UK Reports Warn of Persistent Basic Cybersecurity Gaps and Rising Social-Engineering Risk
UK reporting highlighted persistent weaknesses in baseline cyber hygiene and a growing expectation that phishing and social engineering will succeed against many organizations. A Vodafone Business-commissioned snapshot cited by Tech Radar/SC Media reported that 63% of UK businesses feel more exposed to cyberattacks than a year ago, 71% of leaders think employees are vulnerable to phishing, and staff reuse work passwords across an average of 11 personal accounts; only 45% of organizations said all staff had completed basic cyber awareness training. The same coverage noted increasing concern about AI-enabled scams and deepfakes, with 70% reporting greater suspicion of video calls impersonating senior leaders, and pointed to the UK government’s planned Telecommunications Fraud Charter as part of broader anti-fraud efforts.

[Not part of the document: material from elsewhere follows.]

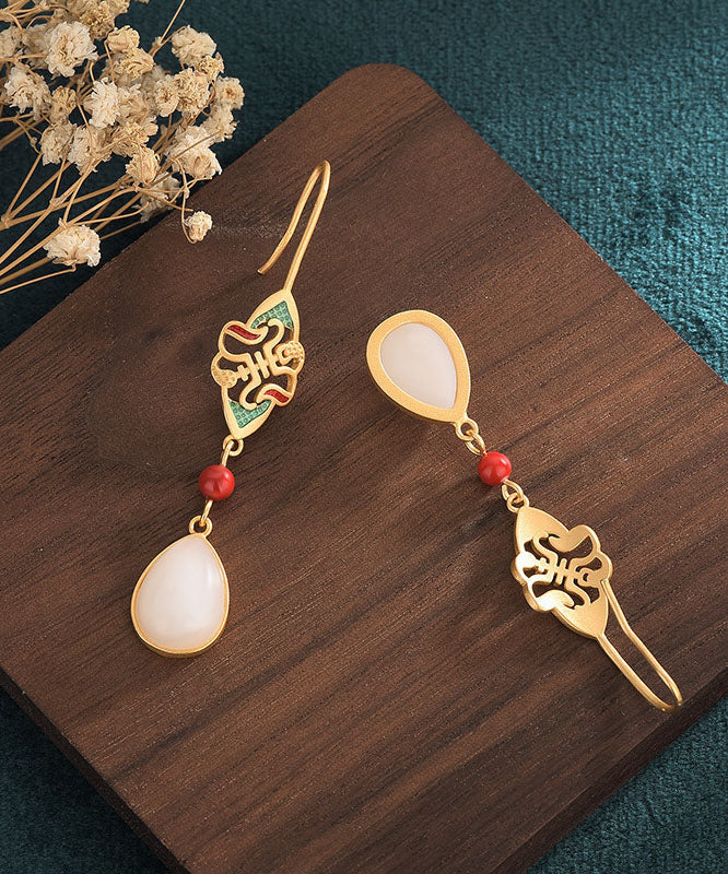 Einzigartige weiße antike Gold eingelegte Jade Emaille Tropfen Glasur Tropfen Ohrringe

Separately, the Bank of England’s 2025 CBEST review (summarized by The Register) found that regulated financial firms and financial market infrastructures (FMIs) still commonly fail on fundamentals observed during 13 CBEST assessments and regulator-backed penetration tests, including weak access controls, poor password practices, misconfigured and inconsistently patched systems, and gaps in intrusion detection and vulnerability management. The report emphasized that firms should be prepared to handle breaches rather than relying only on preventive controls, and that weak security culture enables attackers to bypass controls via social engineering; it also warned that inadequate helpdesk identity-verification processes can enable fraudulent credential access, with the NCSC noting such tradecraft aligns with groups like Scattered Spider.